On top of all this, inventory levels – which provide a cushion in times when demand exceeds supply – were lean coming into the heating season, again for economic reasons. The forward curve, a chain of monthly futures contracts, was backwardated – meaning futures prices were higher in the near future compared to later periods.

When this is the case, there is little incentive to store product purchased at the relatively high prices and incurring storage costs, all to sell it at prices that are expected to be lower. Additionally, some base level of inventory serves as working inventory, and so the cushion is smaller than it appears.

 

Spread Blows Out

 

In late January, ahead of the expiration of the February NYMEX HO contract, this state of the market produced a highly visible short-term impact. The February contract was already trading at a large premium to the March contract, but this spread blew out in the last week of trade. Consequently, no one wanted to be caught holding the bag of high-priced gallons into February, when prices would be benched against the much lower-priced March contract, and supplies dried up in some areas and increased in price relative to the NYMEX.

“My cap program is hedged, I used the fees my customers paid to purchase call options to protect against rising prices – so why do I care?” Call options, by nature of being options on NYMEX HO futures, only protect against price rises in those same futures. When rack prices rise more rapidly or otherwise increase relative to the NYMEX price (strengthening basis), those increases are being paid when you pick up at the rack, but your option is not compensating you for them.
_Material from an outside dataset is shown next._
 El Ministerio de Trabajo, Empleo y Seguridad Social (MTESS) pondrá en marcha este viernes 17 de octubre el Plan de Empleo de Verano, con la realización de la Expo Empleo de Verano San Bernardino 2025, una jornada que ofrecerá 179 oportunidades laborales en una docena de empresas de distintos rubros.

One strategy to minimize this “basis risk” is to hedge some portion of this volume with wet barrels and put options, as these provide a fixed basis (you have product at a fixed price and do not pay rack prices, while the put protects against possible downside in the NYMEX).
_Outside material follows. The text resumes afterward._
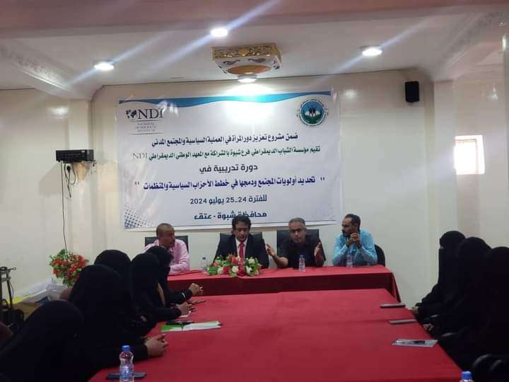مؤسسة الشباب الديمقراطي بشبوة" تدشن دورة تدريبية حول "تحديد أولويات المجتمع ودمجها في خطط الأحزاب والمنظمات" بمدينة عتق

Another such strategy, which has been highly successful for many of our clients this heating season, is the use of fixed differential contracts. By fixing differentials ahead of the time, we are inherently taking a long position in basis. This can be useful both for your cap program, using puts to cover the NYMEX portion, or even for your rack-to-retail business by selling synthetic futures against them.

As always, be mindful of the details, specifically when the product has to be priced and which futures contract it is priced against (e.g. pricing against February NYMEX at the end of January versus March NYMEX), etc.

The key to any strategy is consistency. Though one cannot predict with precise accuracy when these blowouts will occur, it pays to have a little “insurance” on board each year. I heard the following second-hand: “Why should I care about basis? My competitors are paying these prices too.” Just because your neighbors are drowning doesn’t make your drowning any less real, and consider this: While they’re paying the ‘merc plus 30 cents, you could be smiling at plus 10.